* REQUIRED WORK
The answer is to be the lines below that lie between the line holding "Электровентилятор охлаждения для" and the line holding "所有图片标注完成后,或者标注", inclusive, transcribed exactly and free of pictures.

(Stored data entries)
■ ■ ■ ■ ■ ■ ■

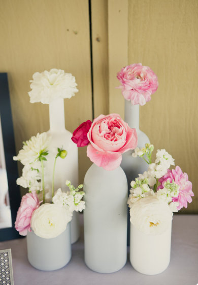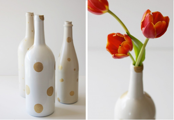 Pintar las botellas con spray no tiene ninguna dificultad y podrás elegir el color que más te convenga según la vajilla o el mantel que vayas a poner.
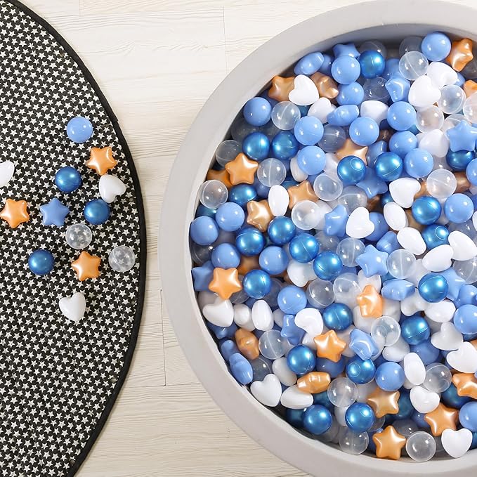 - Unleash Creativity: Foster imagination and cognitive development with our enchanting ball pits balls. With their eye-catching colors and star-hearts shaped design, kids can engage in color recognition, counting, and imaginative play, opening the door to endless creative possibilities. Make playtime truly magical!
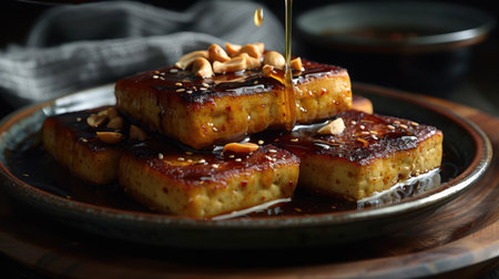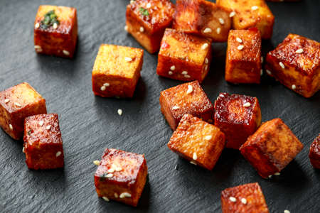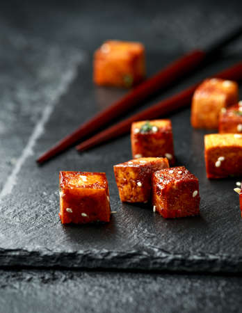 fried tofu with white sesame and teriyaki sauce - vegan and vegetarian food style
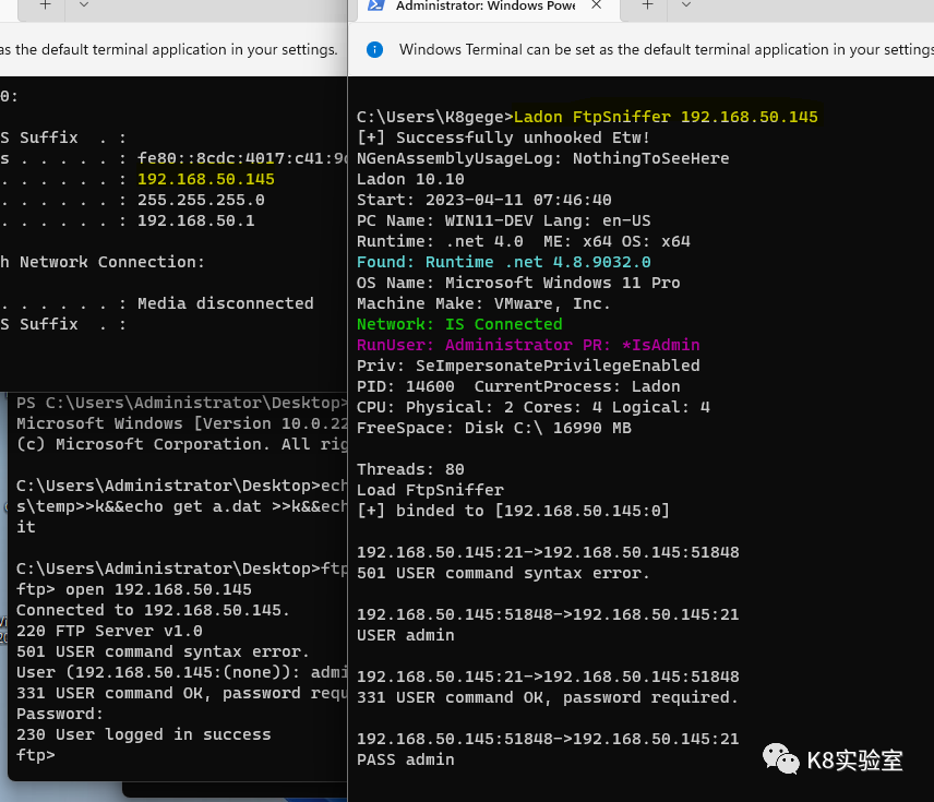 Ladon FtpSniffer 192.168.50.145使用时填写被控机器IP,Ladon自动嗅探本机C段所有机器FTP用户密码,如下图演示,本机为50.145,无论是从50.85访问50.145,还是从本机自己访问自己,都能捕获到FTP登陆的用户和密码。实战中,如果管理员从50.200访问外网FTP服务器或者访问跨网段FTP服务器,也能捕获到外网FTP用户密码。因为捕获的是整个C段的FTP流量,向外发现,或者其它人访问C段机器。
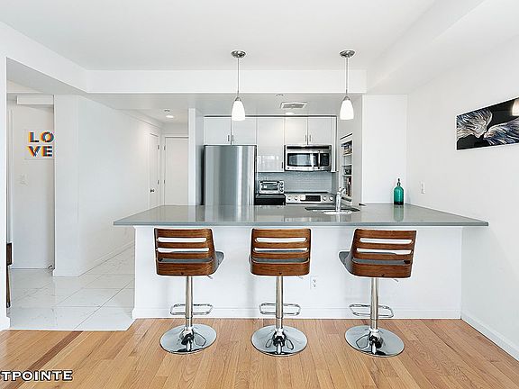 Residence 10D is a spacious 1BR loft style condo with a sleek interpretation of quintessential New York City living. An open floorplan maximizes space and natural light while contemporary finishes like hardwood floors and double-paned windows bring a level of sophistication and refinement to a neighborhood known for its vibrant spirit and gritty attitude. The kitchen is equipped with clean white cabinetry and a suite of stainless steel appliances from Bosch and Fisher & Paykel. The bathroom has been recently renovated and features subway-tiled walls and an easy-to-clean tile floor. A GE washer/dryer is also conveniently included as part of the apartment. Designed by OTL Enterprises the same firm whose passion and vision were behind The Blue Building of the Lower East Side. The Calyx is a full service condominium offering 35 residences dressed with groomed interiors, a fitness facility and a rooftop lounge boasting panoramic views of Manhattan. Pairing sophistication with the spirit of the East Village. The building rises 10 stories and sits on Avenue C, an East Village strip lined with tasteful restaurants and cafes and located only a few blocks away from Tompkins Square Park and popular nightlife scenes. The Calyx is for those seeking to capture the energy of an evolving neighborhood, to experience the edge of the city's past and the shimmering promise of its future. Nearby public transportation include the L train.
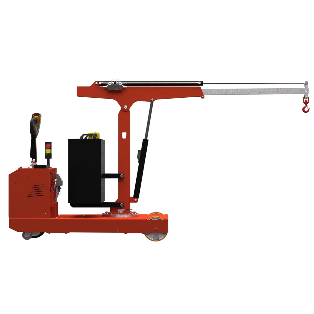 Rotația brațului, care poate fi blocată la fiecare 30°, se face manual și este facilitată de prezența rulmenților și a două mânere ergonomice situate în partea superioară a balastului/contragreutății. Este echipată cu 2 roți fixe și un motor electric de roată conectat direct la cârma pentru o manevrabilitate maximă în spații înguste.
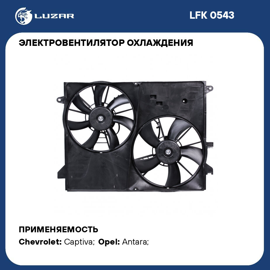 Электровентилятор охлаждения для автомобилей Captiva (06-)/Antara (07-) (2 вент.) (с кожухом) LUZAR (LFK 0543)
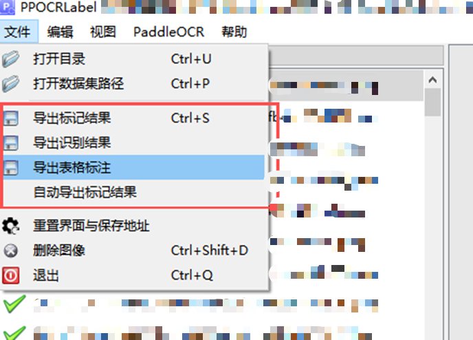 所有图片标注完成后,或者标注过程需要中断,导出相关文件。如果无需进行文字识别模型微调的就不用导出识别结果,其余的都要把下图红框内的选项都点一遍。
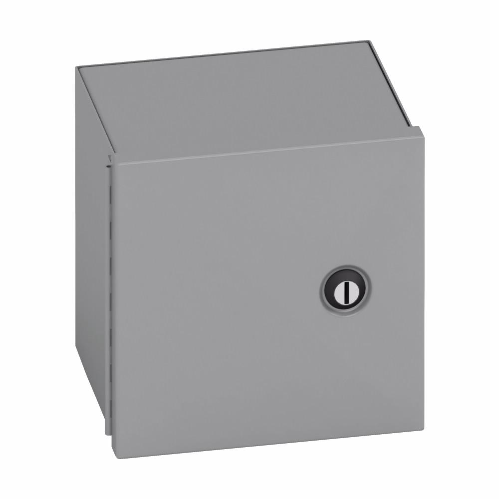 B-Line Panel Enclosure, D70 Subclass Small, 6 in Width, 4 in Depth, 6 in Height, NEMA 1/IP30 NEMA Rating, Continuous Hinged Cover, 4-1/4 in W x 4-1/4 in H Panel, Lock: Flush Coin Latch, Wall Mounting, Carbon Steel, Polyester Powder Coated, Gray
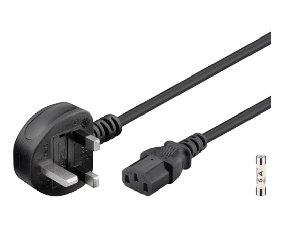 Napajalni kabel UK 3-polni moški (Tip G, BS 1363) > naprava z vtičnico C13 (IEC povezava)

■ ■ ■ ■ ■ ■ ■

* ANSWER AREA
 Электровентилятор охлаждения для автомобилей Captiva (06-)/Antara (07-) (2 вент.) (с кожухом) LUZAR (LFK 0543)
 所有图片标注完成后,或者标注过程需要中断,导出相关文件。如果无需进行文字识别模型微调的就不用导出识别结果,其余的都要把下图红框内的选项都点一遍。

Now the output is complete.